Records provided START

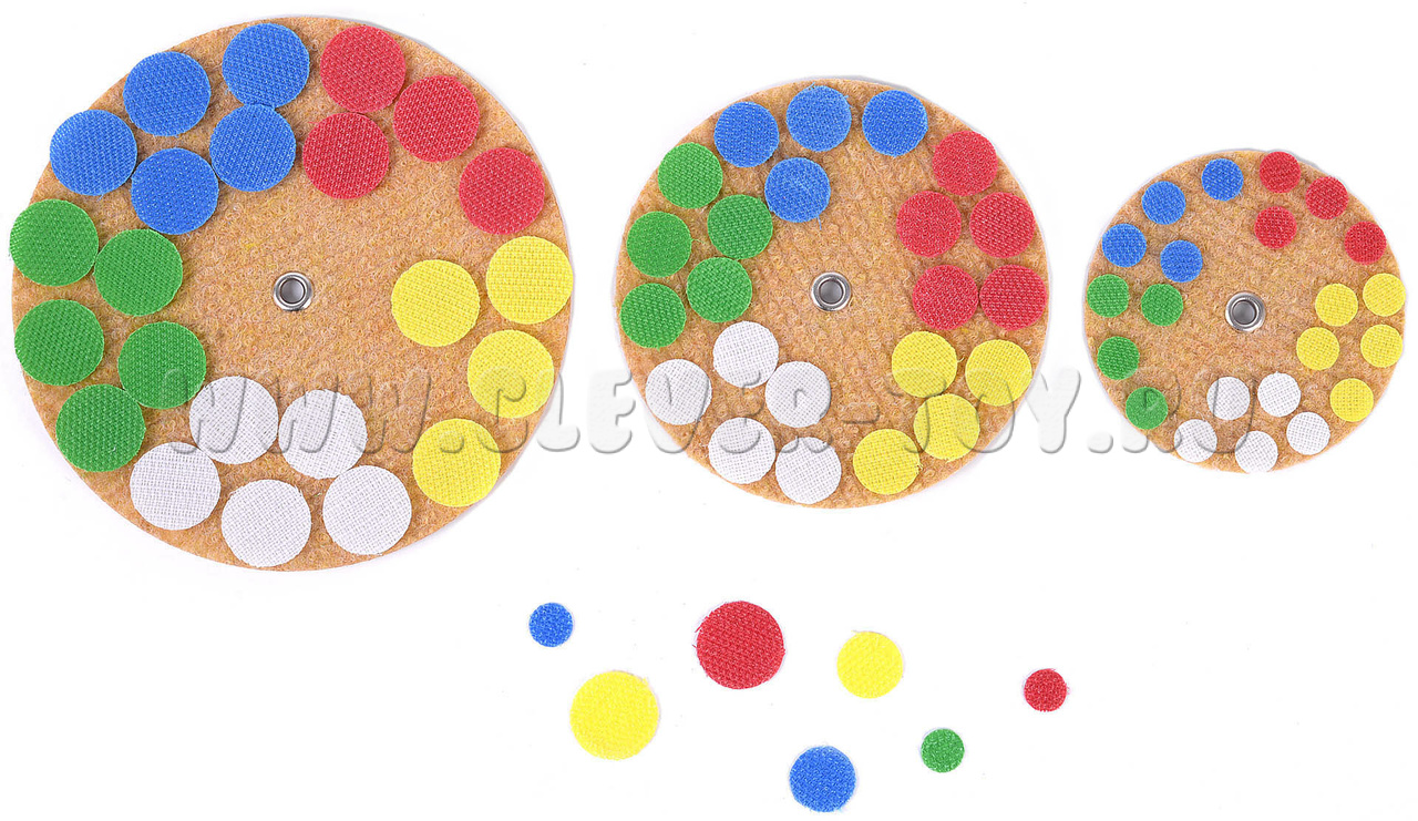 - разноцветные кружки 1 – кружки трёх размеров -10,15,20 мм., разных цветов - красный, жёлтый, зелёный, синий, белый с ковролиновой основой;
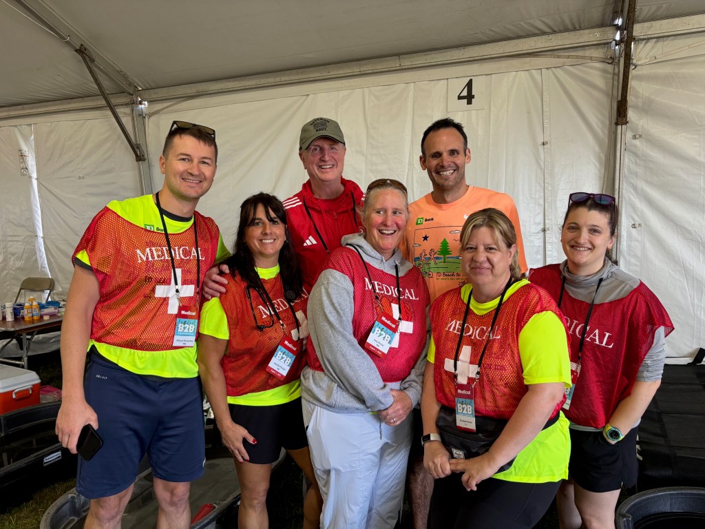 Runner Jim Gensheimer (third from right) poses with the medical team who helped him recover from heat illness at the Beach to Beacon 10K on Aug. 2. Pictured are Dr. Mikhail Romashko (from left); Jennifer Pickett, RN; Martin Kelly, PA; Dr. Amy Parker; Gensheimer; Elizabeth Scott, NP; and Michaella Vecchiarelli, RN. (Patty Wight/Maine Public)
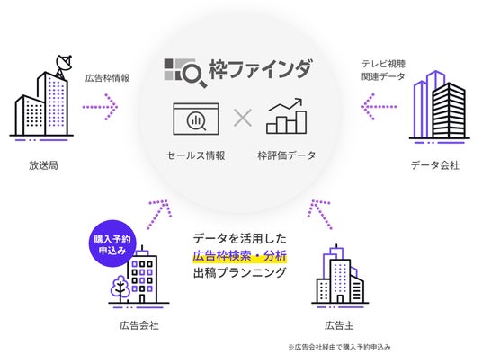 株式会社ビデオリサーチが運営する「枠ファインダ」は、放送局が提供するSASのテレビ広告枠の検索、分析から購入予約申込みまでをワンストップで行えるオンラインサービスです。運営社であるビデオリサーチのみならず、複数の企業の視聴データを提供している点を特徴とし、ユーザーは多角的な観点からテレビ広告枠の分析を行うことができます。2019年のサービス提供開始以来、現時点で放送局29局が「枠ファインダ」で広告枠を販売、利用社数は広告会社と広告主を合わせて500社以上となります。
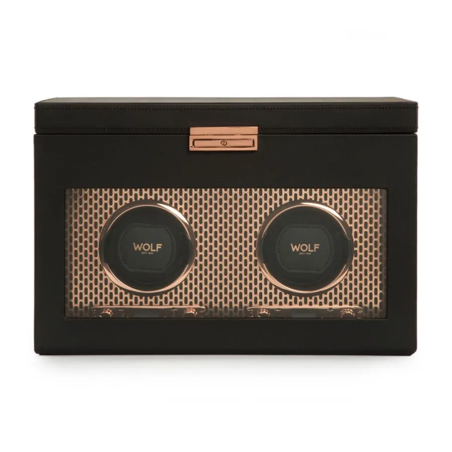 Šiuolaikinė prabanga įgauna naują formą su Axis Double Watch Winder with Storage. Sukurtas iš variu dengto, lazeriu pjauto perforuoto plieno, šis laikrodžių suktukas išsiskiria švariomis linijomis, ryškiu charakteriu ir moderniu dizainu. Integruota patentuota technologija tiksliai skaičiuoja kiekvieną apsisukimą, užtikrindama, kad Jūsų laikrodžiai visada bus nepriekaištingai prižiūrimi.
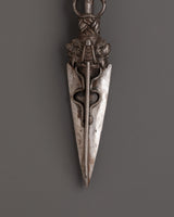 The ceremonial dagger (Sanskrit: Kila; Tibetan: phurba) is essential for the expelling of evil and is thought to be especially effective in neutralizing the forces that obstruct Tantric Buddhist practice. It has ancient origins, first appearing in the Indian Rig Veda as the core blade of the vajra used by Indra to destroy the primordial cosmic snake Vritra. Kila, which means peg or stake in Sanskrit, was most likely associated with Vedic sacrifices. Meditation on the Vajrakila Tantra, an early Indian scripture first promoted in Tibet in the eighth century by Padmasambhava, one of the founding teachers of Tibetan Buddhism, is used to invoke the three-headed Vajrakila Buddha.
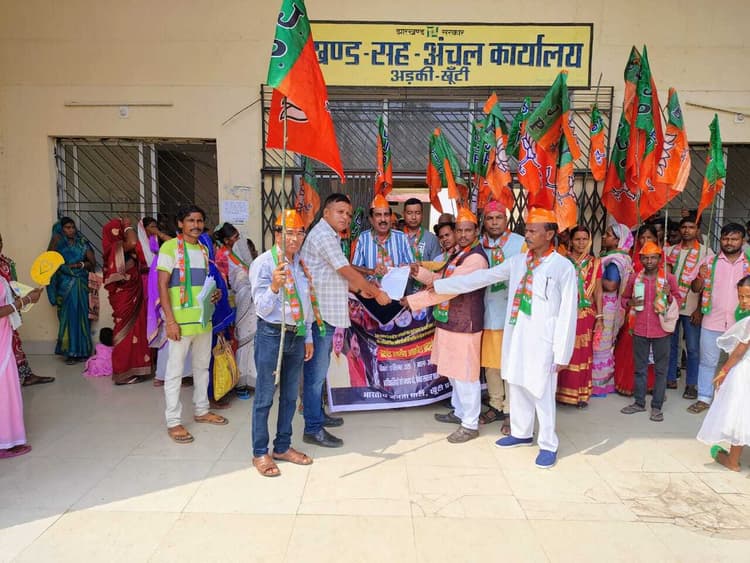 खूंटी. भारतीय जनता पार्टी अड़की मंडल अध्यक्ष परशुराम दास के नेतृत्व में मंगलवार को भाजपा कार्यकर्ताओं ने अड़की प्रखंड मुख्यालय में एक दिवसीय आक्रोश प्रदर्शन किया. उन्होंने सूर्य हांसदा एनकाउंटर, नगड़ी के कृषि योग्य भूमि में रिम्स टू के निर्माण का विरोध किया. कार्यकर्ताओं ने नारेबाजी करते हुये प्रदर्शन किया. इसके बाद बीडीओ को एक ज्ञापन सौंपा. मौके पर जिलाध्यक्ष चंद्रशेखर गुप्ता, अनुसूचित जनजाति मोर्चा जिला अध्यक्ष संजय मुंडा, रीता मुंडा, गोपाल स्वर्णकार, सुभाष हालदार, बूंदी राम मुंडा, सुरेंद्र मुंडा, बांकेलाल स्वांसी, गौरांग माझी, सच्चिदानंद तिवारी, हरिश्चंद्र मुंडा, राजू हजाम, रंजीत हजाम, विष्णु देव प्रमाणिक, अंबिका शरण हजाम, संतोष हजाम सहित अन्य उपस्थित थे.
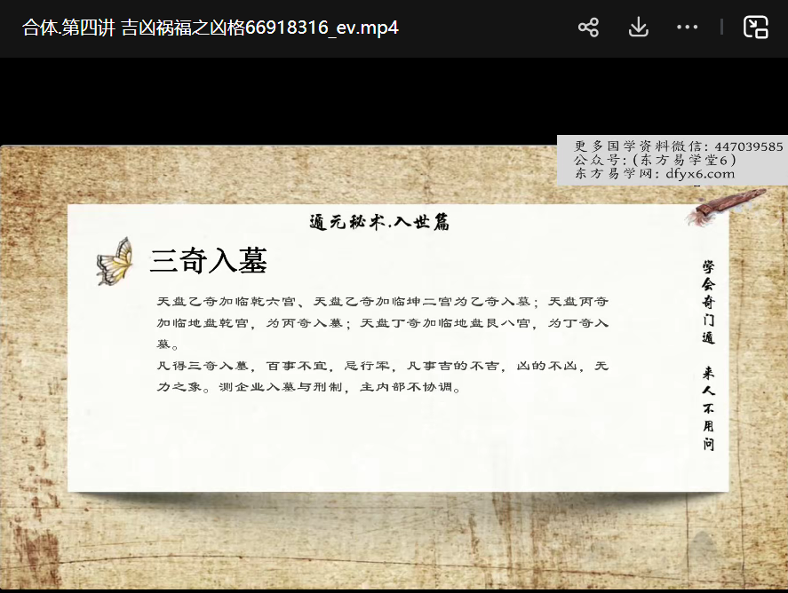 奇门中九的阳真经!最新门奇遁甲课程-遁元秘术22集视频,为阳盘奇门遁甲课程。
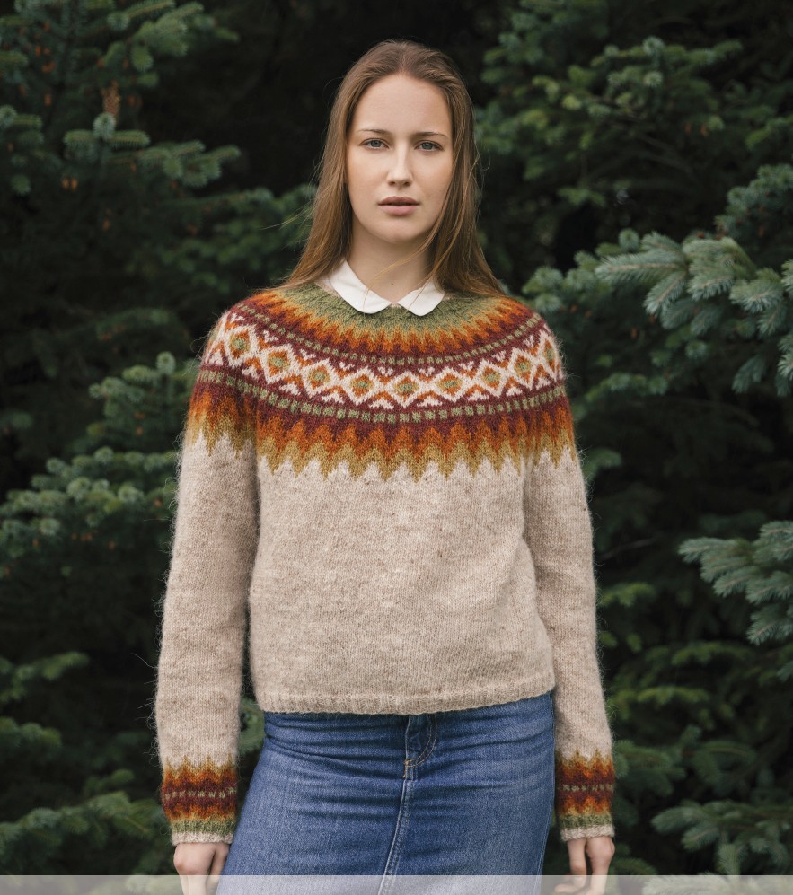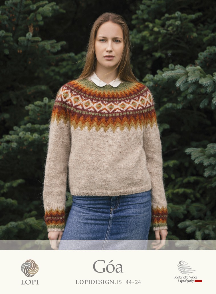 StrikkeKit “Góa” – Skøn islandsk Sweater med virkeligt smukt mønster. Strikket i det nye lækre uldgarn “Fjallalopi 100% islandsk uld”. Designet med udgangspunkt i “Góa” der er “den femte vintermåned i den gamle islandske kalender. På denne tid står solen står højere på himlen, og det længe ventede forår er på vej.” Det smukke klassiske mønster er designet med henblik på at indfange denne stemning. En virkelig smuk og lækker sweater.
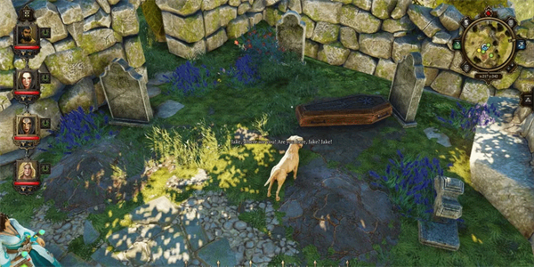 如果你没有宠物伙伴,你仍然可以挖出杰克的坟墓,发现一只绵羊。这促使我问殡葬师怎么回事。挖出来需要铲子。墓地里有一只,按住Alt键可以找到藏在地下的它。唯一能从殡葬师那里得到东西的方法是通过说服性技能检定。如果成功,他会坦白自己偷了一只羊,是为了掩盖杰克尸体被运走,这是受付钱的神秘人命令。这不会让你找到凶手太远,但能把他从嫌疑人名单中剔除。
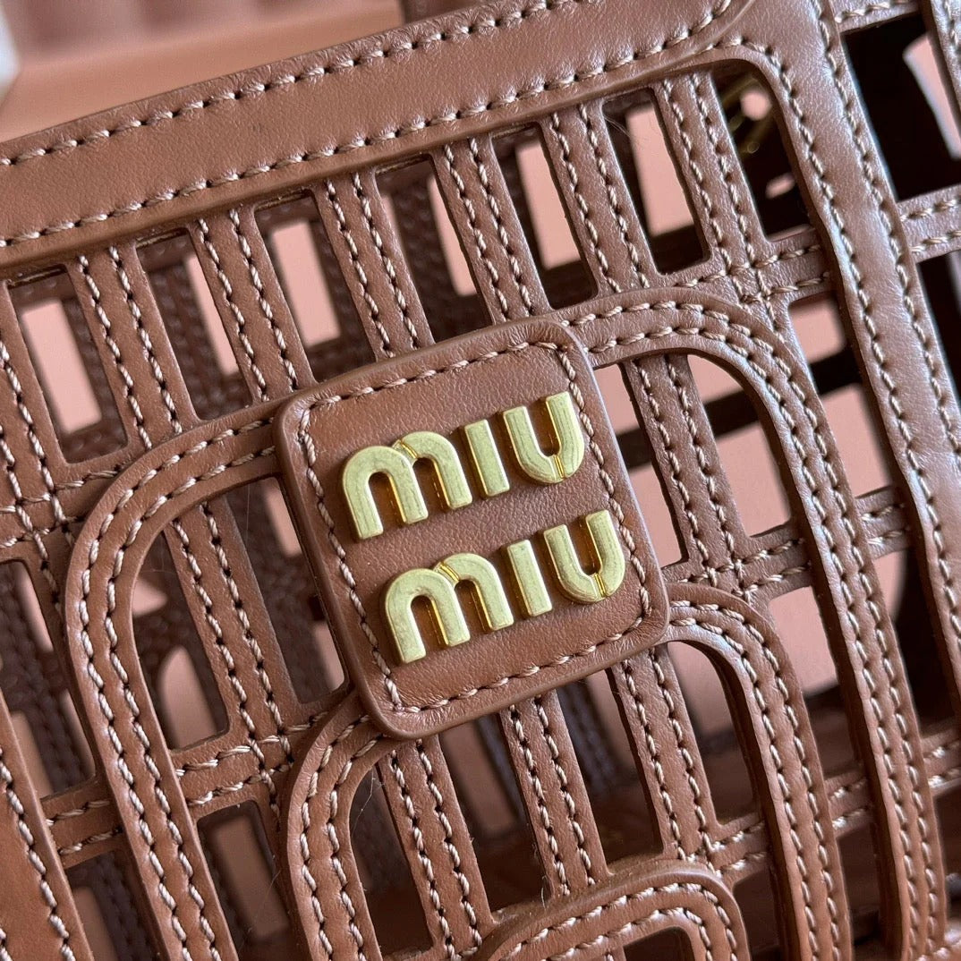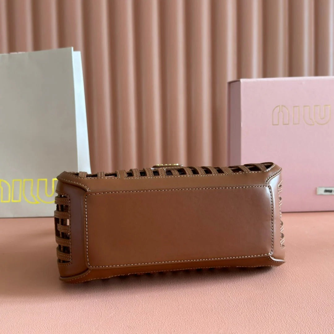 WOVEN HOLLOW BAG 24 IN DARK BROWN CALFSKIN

Records provided END

Range to print from the listing above: from the line with "खूंटी. भारतीय जनता" up to and including the line with "og lækker sweater.". Please print those lines exactly, with no pictures and nothing more.

* **Solution for this task**:
 खूंटी. भारतीय जनता पार्टी अड़की मंडल अध्यक्ष परशुराम दास के नेतृत्व में मंगलवार को भाजपा कार्यकर्ताओं ने अड़की प्रखंड मुख्यालय में एक दिवसीय आक्रोश प्रदर्शन किया. उन्होंने सूर्य हांसदा एनकाउंटर, नगड़ी के कृषि योग्य भूमि में रिम्स टू के निर्माण का विरोध किया. कार्यकर्ताओं ने नारेबाजी करते हुये प्रदर्शन किया. इसके बाद बीडीओ को एक ज्ञापन सौंपा. मौके पर जिलाध्यक्ष चंद्रशेखर गुप्ता, अनुसूचित जनजाति मोर्चा जिला अध्यक्ष संजय मुंडा, रीता मुंडा, गोपाल स्वर्णकार, सुभाष हालदार, बूंदी राम मुंडा, सुरेंद्र मुंडा, बांकेलाल स्वांसी, गौरांग माझी, सच्चिदानंद तिवारी, हरिश्चंद्र मुंडा, राजू हजाम, रंजीत हजाम, विष्णु देव प्रमाणिक, अंबिका शरण हजाम, संतोष हजाम सहित अन्य उपस्थित थे.
 奇门中九的阳真经!最新门奇遁甲课程-遁元秘术22集视频,为阳盘奇门遁甲课程。
 StrikkeKit “Góa” – Skøn islandsk Sweater med virkeligt smukt mønster. Strikket i det nye lækre uldgarn “Fjallalopi 100% islandsk uld”. Designet med udgangspunkt i “Góa” der er “den femte vintermåned i den gamle islandske kalender. På denne tid står solen står højere på himlen, og det længe ventede forår er på vej.” Det smukke klassiske mønster er designet med henblik på at indfange denne stemning. En virkelig smuk og lækker sweater.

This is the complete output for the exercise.